Charley Horton

No. 57, 67
- Position:: Guard, tackle

Personal information
- Born:: November 30, 1936 Waco, Texas, U.S.
- Died:: November 21, 2013 (aged 76) Irving, Texas, U.S.
- Height:: 6 ft 2 in (1.88 m)
- Weight:: 232 lb (105 kg)

Career information
- High school:: Waco
- College:: Baylor
- NFL draft:: 1959: 2nd round, 18th pick

Career history
- Toronto Argonauts (1959); BC Lions (1959); Detroit Lions (1960)*;
- * Offseason and/or practice squad member only

= Charley Horton (guard) =

American football player (1936–2013)

Charles Edgar Horton (November 30, 1936 – November 21, 2013) was an American professional football guard who played one season in the Canadian Football League (CFL) with the BC Lions and Toronto Argonauts. He played college football at Baylor University, and was selected by the Detroit Lions in the second round of the 1959 NFL draft.

==Early life and college==
Charles Edgar Horton was born on November 30, 1936, in Waco, Texas. He attended Waco High School, where he was a letterman in football and track.

Horton played college football for the Baylor Bears of Baylor University. He was on the freshman team in 1955 and was a three-year letterman from 1956 to 1958. During the 1957 Sugar Bowl, Tennessee guard Bruce Burnham and Horton "got into a scuffle" on the ground. Burnham punched Horton a few times. Baylor player Larry Hickman then responded by kicking Burnham in the face, which sent him to the hospital. A doctor stated "I thought the boy would be gone before we got him off the field". Hickman was ejected and spent the rest of the game crying on the bench. He later apologized to Burnham in the hospital.

==Professional career==
On December 1, 1958, Horton was selected by the Detroit Lions in the second round, with the 18th overall pick, of the 1959 NFL draft. In January 1960, Horton announced that he would instead play for the Toronto Argonauts of the Canadian Football League (CFL). In July 1959, he reported to Argonauts training camp at 240 pounds, 20 pounds over his college playing weight. Horton played in six games for the Argonauts during the 1959 season.
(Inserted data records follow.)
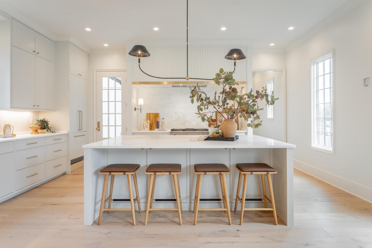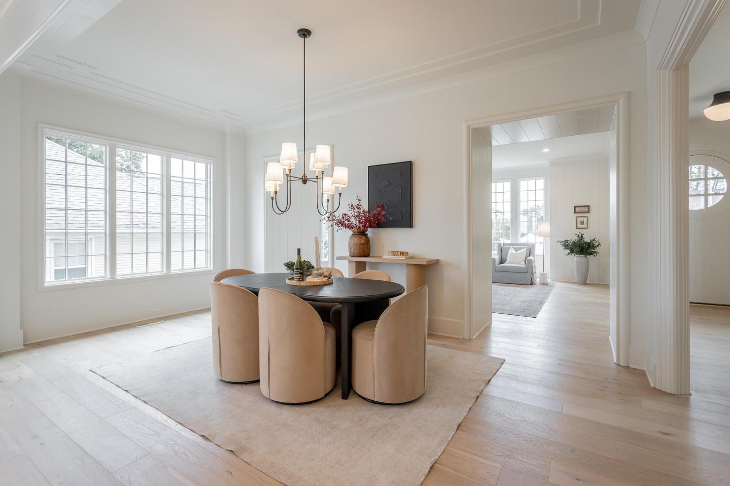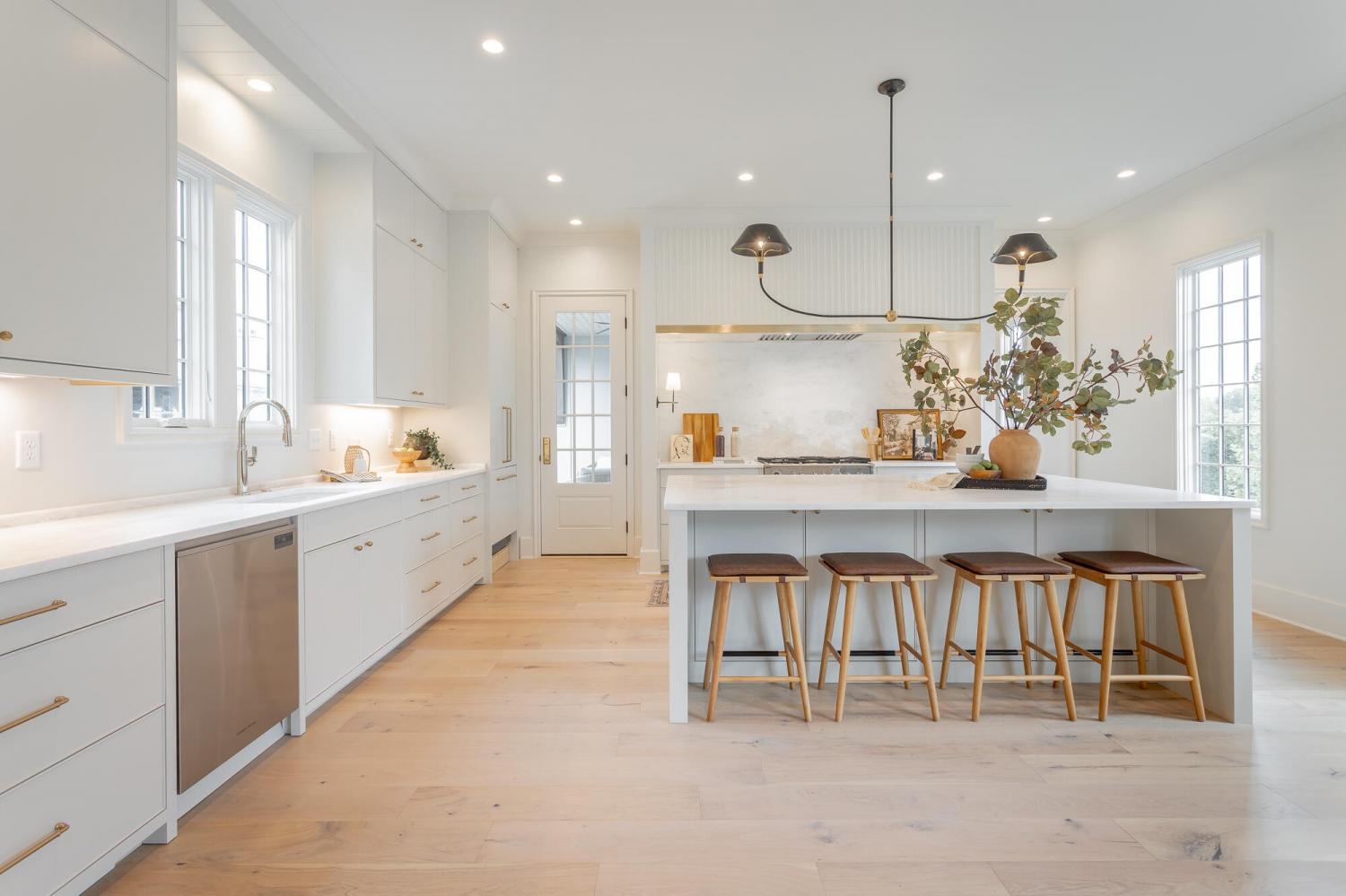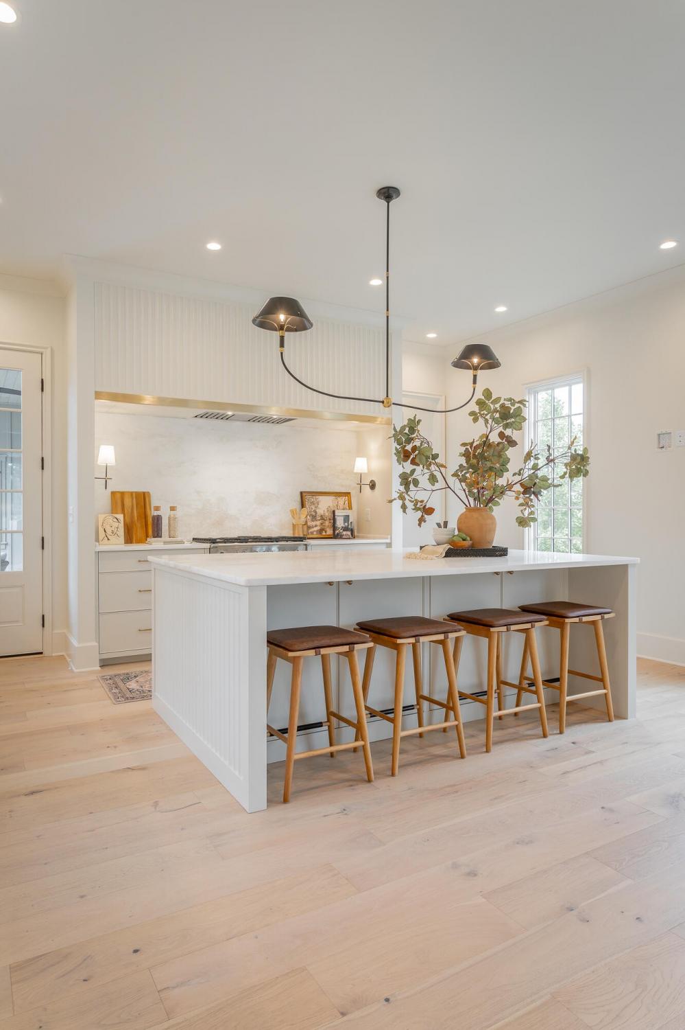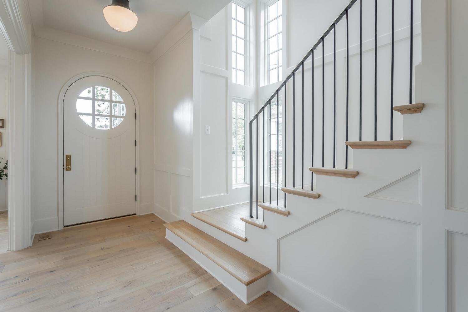 Welcome to 607 Colville Street, a brand-new North Chattanooga cottage-inspired home by Waters-Holland, where timeless design meets thoughtful functionality. Nestled on a deep lot providing a rare, alley-accessible three car garage, this charming home blends seamlessly into its neighborhood with a modern French Farmhouse true round front door, metal accent roof, natural stone details, and gas lantern. Step inside to a light-filled entry foyer with wide plank oak hardwood floors and soothing neutral color palette. The Waters-Holland signature shines through in the use of wood trim, tall baseboards and crown moldings, with distinctive touches like chamfered edge cased openings and vertical wood paneling in the living room. A cast concrete fireplace with a herringbone interior anchors the living room while the open dining room flows effortlessly into a kitchen showcasing a fluted range hood with brass trim, Fisher-Paykel appliances, and a spacious work island for casual dining. The main level feels boasts cozy yet open living spaces. A powder room with deep blue walls features a marble topped vanity with wall-mounted brass faucet. A mudroom bench and double-door storage closet greet you at the owner's entry from the garage, while a walk-in pantry is just a few steps away from the range wall. The kitchen has an exterior door leading to a partially covered patio pre-wired for outdoor entertainment. Upstairs, the Primary Suite is a serene retreat with a private hallway, vaulted ceiling, decorative wall trim, and custom closet. The primary bath features an oversized double-sink vanity, polished nickel fixtures, and a fully tiled shower with dual heads. A light-filled hallway connects three additional bedrooms (one ensuite), two full baths, a lavish laundry room, and a versatile family room. With southern coastal and Cape Cod influences, this home radiates warmth, elegance, and meticulous craftsmanshipa perfect blend of style and comfort.
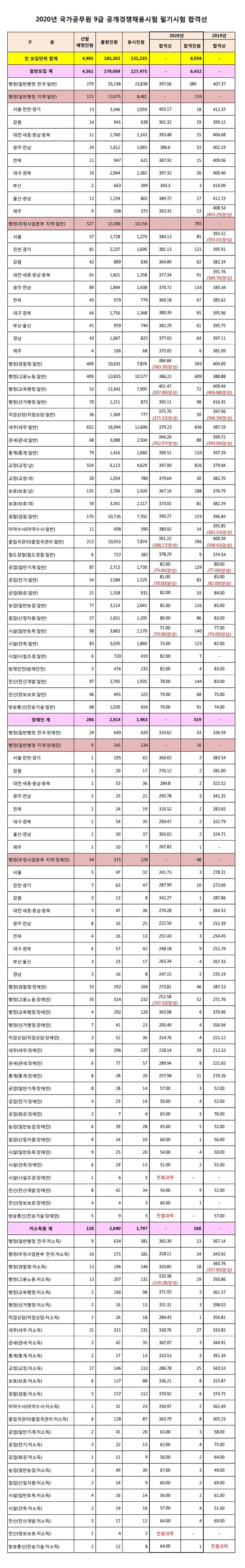 ▶ 2020 인사혁신처 국가공무원 9급 공개경쟁채용 필기시험 합격선
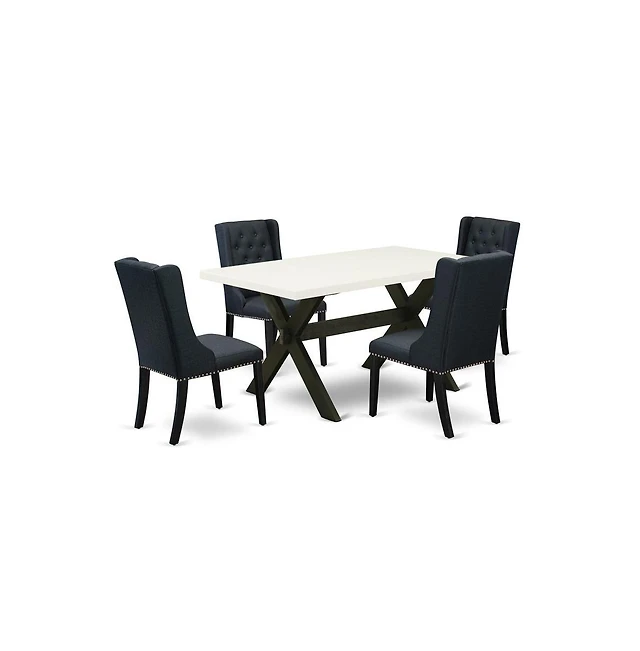 East West Furniture modern dining table set of 2 excellent indoor dining chairs with Linen Fabric Baby Blue color and a gorgeous Square wooden table
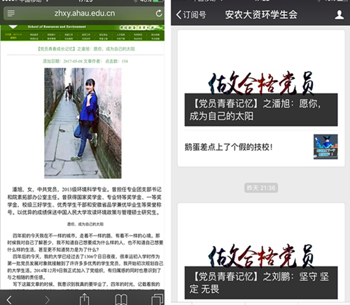 本网讯 5月8日起,资源与环境公司党委开始在学院网页和学院微信公众号(http://zhxy.w1.ahau.edu.cn/;微信号:anauzhxy)同步推出2017届毕业生《党员青春成长记忆》,活动一经推出得到了毕业生党员的积极参与和广大同学的纷纷点赞。
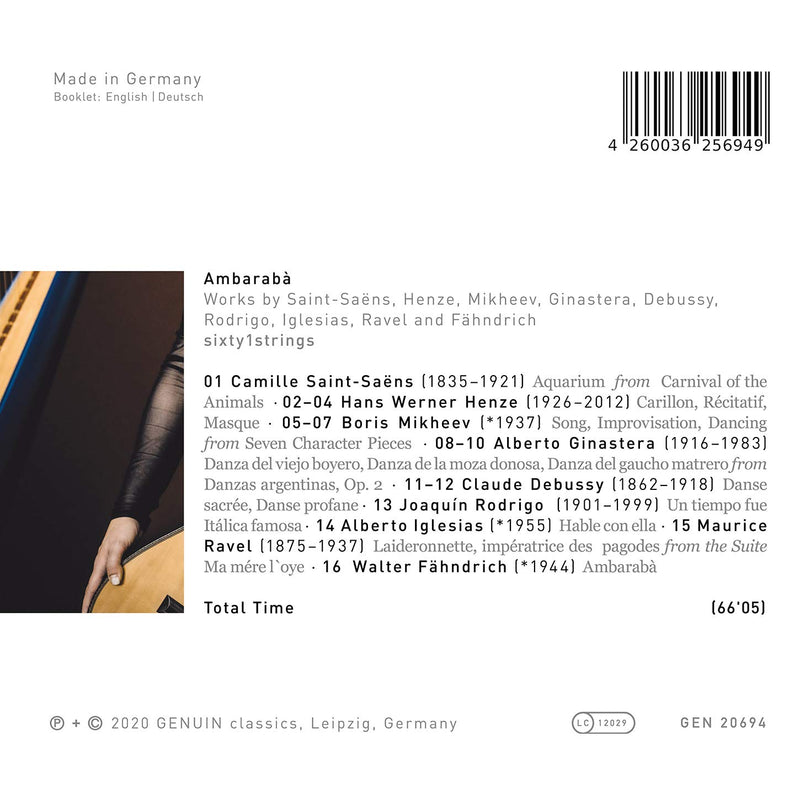GenuinAmbaraba / sixty1stringsThe trio sixty1strings is indeed a unique ensemble! On their GENUIN album Ambarabà, the three young musicians Ekaterina Solovey (mandolin), Negin Habibi,...
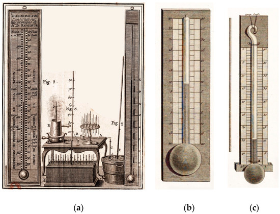 A commonality between Poleni, Morgagni, Zendrini, and Temanza, in addition to their friendship and interest in meteorology, was the use of the Amontons air thermometer (Figure 3b,c). In 1709, Poleni and Morgagni built an Amontons thermometer together [14], and Poleni used it throughout his life. Zendrini used an Amontons and a Delisle thermometer in Venice [7,17].
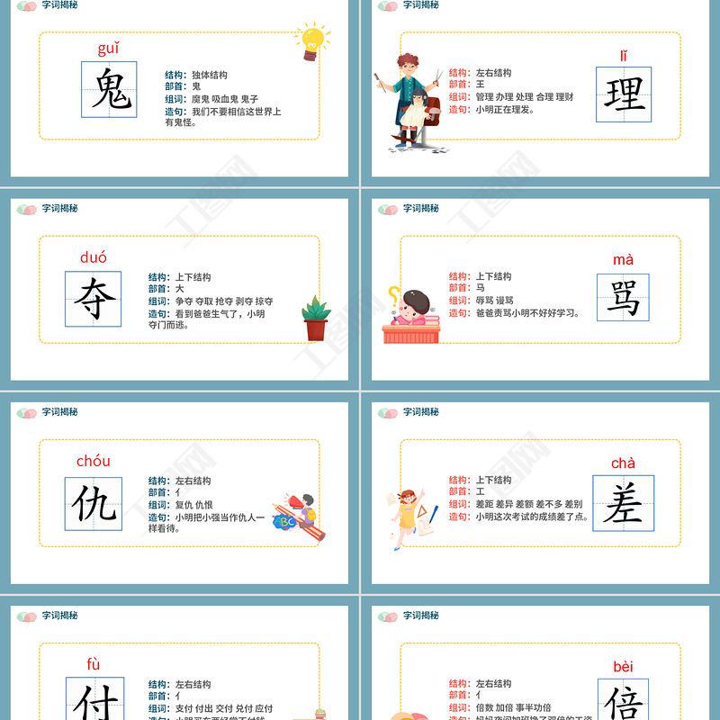 字詞揭秘結(jié)構(gòu):獨體結(jié)構(gòu)組詞:魔鬼 吸血鬼 鬼子造句:我們不要相信這世界上有鬼怪。 部首:鬼guǐ
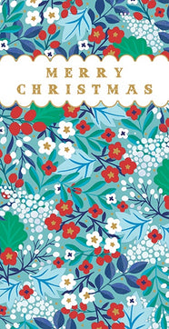 A lovely colourful money wallet to send money, tickets, tokens, or vouchers, this Christmas. This card features a colourful floral pattern with gold foiling, and comes with an envelope ready for sending.
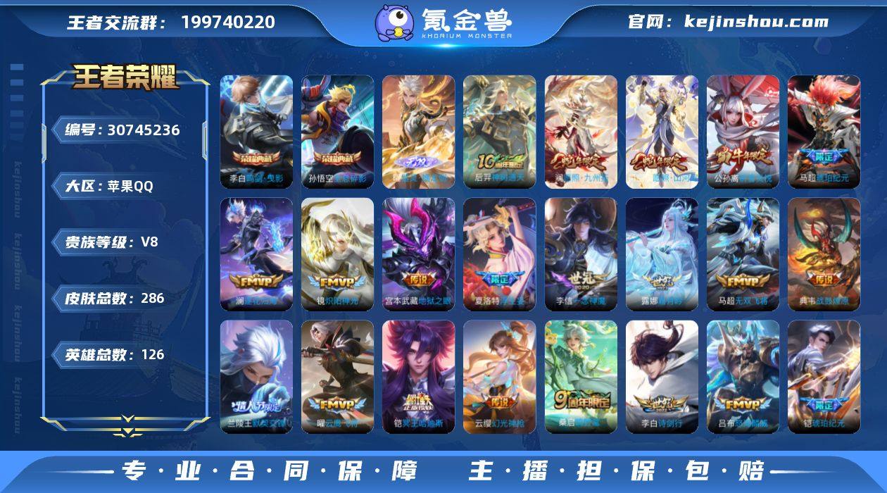 【WZ179067】苹果Q-V8-至尊星耀V段位-126英雄-286皮肤-2典藏皮肤-1无双-29传说-65史诗【英雄全皮】:苍全皮,司空震全皮,影全皮【荣耀典藏】:孙悟空全息碎影,李白鸣剑曳影【无双皮肤】:曜器灵螭龙剑【传说皮肤】:后羿神树通天,司空震愿照山河定,澜愿照九州拓,云缨幻光神枪,嬴政玄雷天君,桑启鸣野蒿,铠冥王哈迪斯,典韦战鼓燎原,马超琥珀纪元,铠琥珀纪元,澜逐花归海,露娜霜月吟,夏洛特浮生妄,吕布怒海麟威,李白诗剑行,马超无双飞将,赵云淬星耀世,兰陵王默契交锋,公孙离祈雪灵祝,铠绛天战甲,镜炽阳神光,虞姬启明星使,曜云鹰飞将,李信一念神魔,刘备时之恋人,花木兰冠军飞将,宫本武藏地狱之眼,孙悟空地狱火,狄仁杰超时空战士【限定皮肤】:铠冥王哈迪斯,狄仁杰阴阳师,赵云皇家上将,赵云引擎之心,墨子神迹守卫,嬴政优雅恋人,庄周高山流水,高渐离玩趣恶龙,钟无艳超时空战士,吕布猎兽之王,元歌云间偶戏,甄姬游园惊梦,甄姬落雪兰心,典韦岱宗,马可波罗暗影游猎,狄仁杰魔术师,狄仁杰万华元夜,达摩沙漠行僧,项羽海滩派对,老夫子醍醐杖,老夫子航海奇遇记,貂蝉逐梦之音,程咬金演武夺筹,韩信傲雪梅枪,兰陵王默契交锋,兰陵王金庭之子,亚瑟潮玩骑士王,孙悟空孙行者,后羿圣弓游侠,李元芳云中旅人,虞姬启明星使,钟馗驱傩正仪,杨戬潮玩骑兵,女娲朔望之晖,干将莫邪真爱魔法,雅典娜单词大作战,鬼谷子原初探秘者,鬼谷子五谷丰年,铠青龙志,苏烈千军破阵,公孙离祈雪灵祝,沈梦溪大漠名商,明世隐疑决卦,裴擒虎李小龙,裴擒虎擒涛扼浪,云中君纤云弄巧,猪八戒西部大镖客,上官婉儿梁祝,西施玲珑珍味,蒙犽狂想玩偶喵,鲁班大师探海日志,桑启海盐诗旅,夏洛特浮生妄,戈娅驭风魔法,艾琳流音漫舞,赵怀真鹤归松栖,司空震地狱燃心,阿古朵江河有灵,张良古海寻...
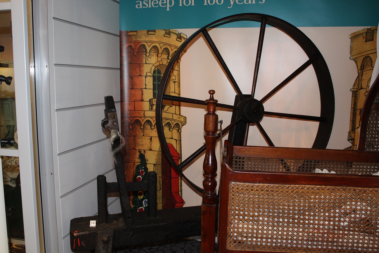 Originally, it was used for spinning flax, with a bobbin lead and separate pulley for driving the spindle and bobbin. But today it is on display at Abbey House Museum in an exhibition exploring the history behind some of the world’s best loved fairy tales.
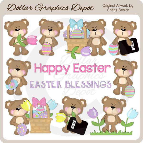 Questa collezione unica nel suo genere è disponibile solo presso Digital Craft Supplies. Questo set include adorabili orsetti pasquali: uno con un tulipano rosa, uno con una Bibbia e un uovo di Pasqua dipinto, uno con una Bibbia e un tulipano giallo, uno con un pezzo di erba e un tulipano color lavanda e blu, due con cestini pasquali, uova di Pasqua dipinte e tulipani colorati e tre con uova di Pasqua dipinte. Questo set include anche due grafiche word art pasquali: "Buona Pasqua" e "Benedizioni di Pasqua". Questo set esclusivo contiene 11 grafiche.

On September 26, 1959, Horton, and the negotiation rights to an unnamed player, were traded to the BC Lions for Al Dorow. Horton played in one game for the Lions before being waived on October 8, 1959.

On October 15, 1959, Horton signed a futures contract with the Detroit Lions for the 1960 season. He was released in September 1960.

==Personal life==
Horton worked for Mobil/Exxon as a geophysicist before retiring in 1990. He lived in Irving, Texas, from 1962 until his death in 2013. He died on November 21, 2013, in Irving.